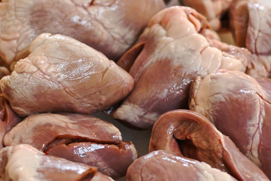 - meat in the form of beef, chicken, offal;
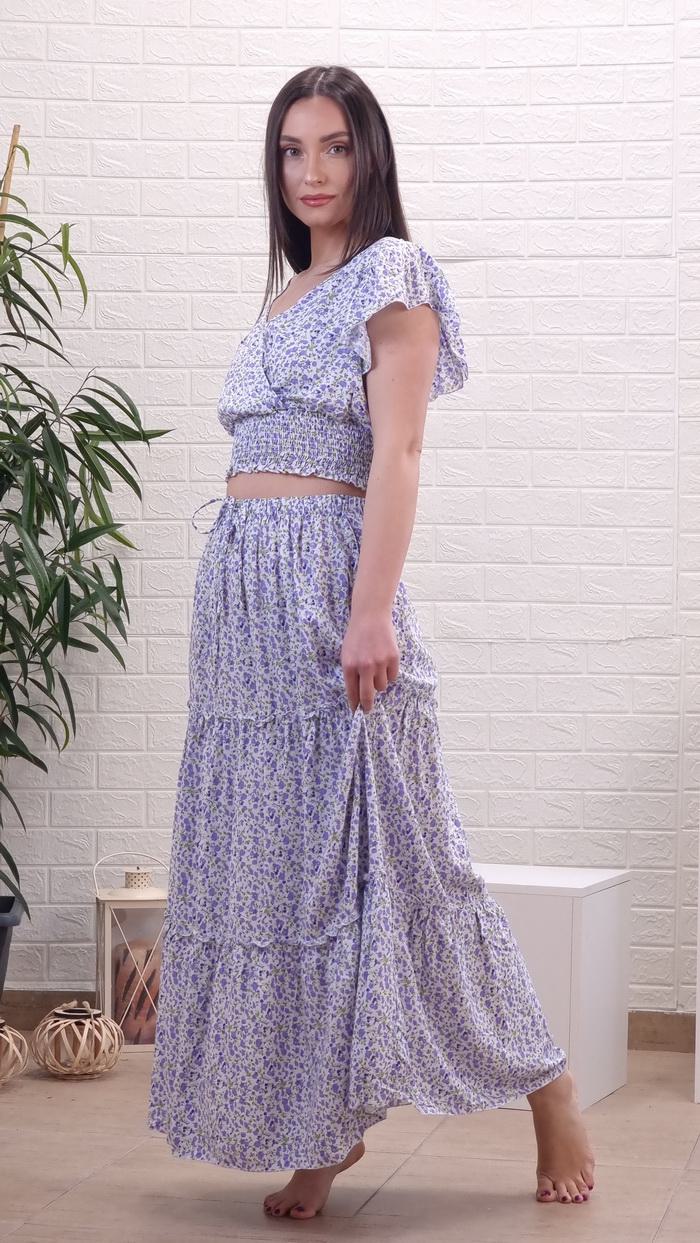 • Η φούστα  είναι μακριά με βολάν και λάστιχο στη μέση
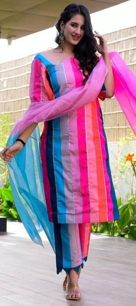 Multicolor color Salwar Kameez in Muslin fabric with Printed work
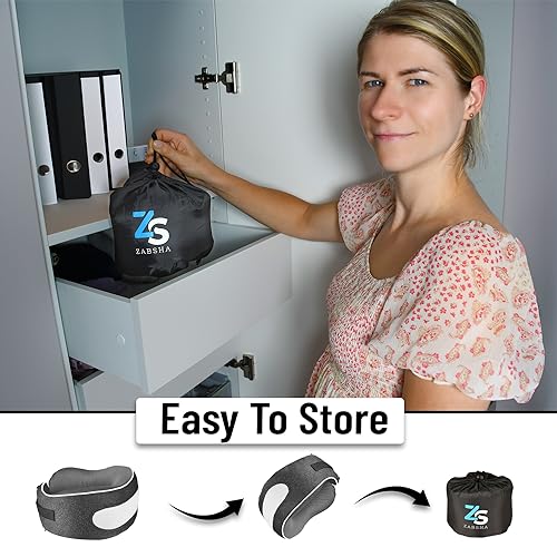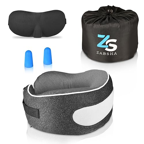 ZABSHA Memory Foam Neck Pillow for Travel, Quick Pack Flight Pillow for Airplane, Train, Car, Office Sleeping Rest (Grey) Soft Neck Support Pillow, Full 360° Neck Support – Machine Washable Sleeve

☆ ☆ ☆ ☆ ☆ ☆ ☆

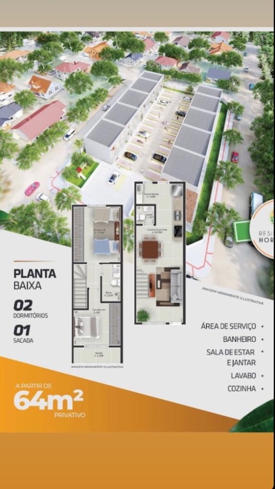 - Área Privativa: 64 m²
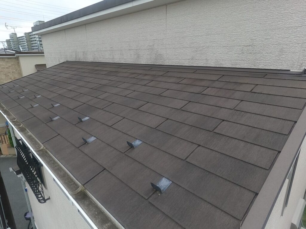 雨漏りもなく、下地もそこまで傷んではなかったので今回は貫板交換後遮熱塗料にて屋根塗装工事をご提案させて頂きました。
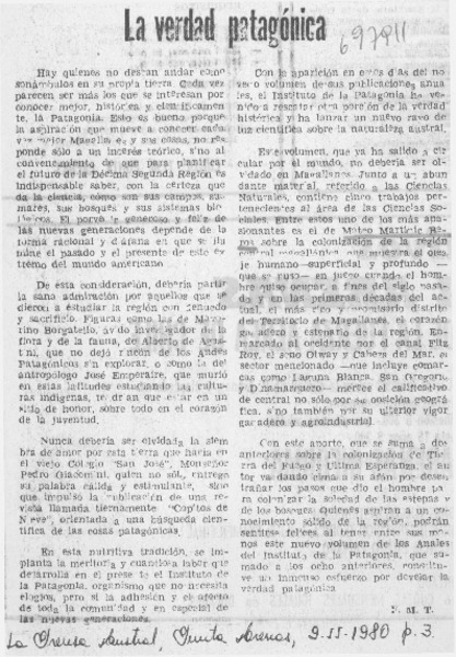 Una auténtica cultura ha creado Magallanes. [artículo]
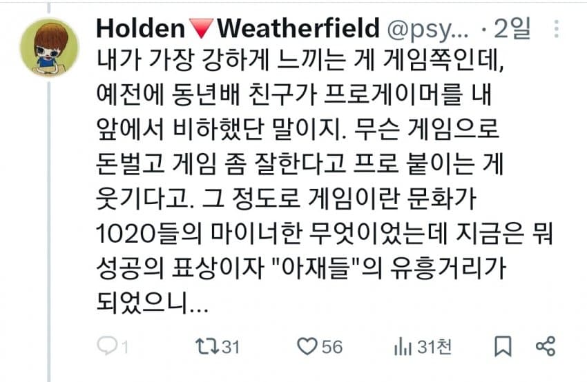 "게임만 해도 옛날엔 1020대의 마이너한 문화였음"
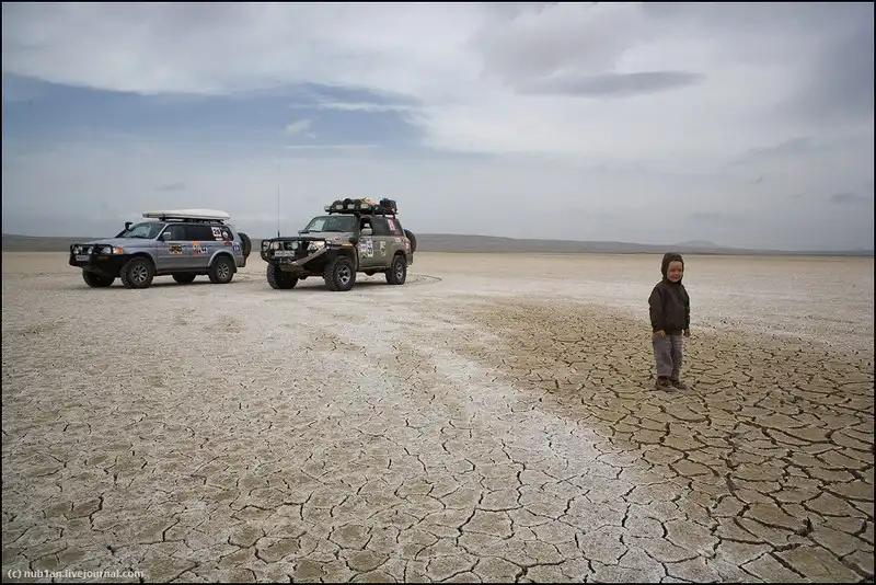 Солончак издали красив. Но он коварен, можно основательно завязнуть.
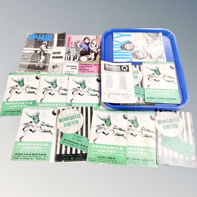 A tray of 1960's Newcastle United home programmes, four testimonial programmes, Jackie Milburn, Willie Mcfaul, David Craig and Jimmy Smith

☆ ☆ ☆ ☆ ☆ ☆ ☆

### [TRY IT]
Give again the stretch of lines above from the one with "해도 옛날엔 1020대의" through the one with "A tray of 1960's", both ends kept, and copy no pictures.

### [YOUR RESPONSE]
 "게임만 해도 옛날엔 1020대의 마이너한 문화였음"
 Солончак издали красив. Но он коварен, можно основательно завязнуть.
 A tray of 1960's Newcastle United home programmes, four testimonial programmes, Jackie Milburn, Willie Mcfaul, David Craig and Jimmy Smith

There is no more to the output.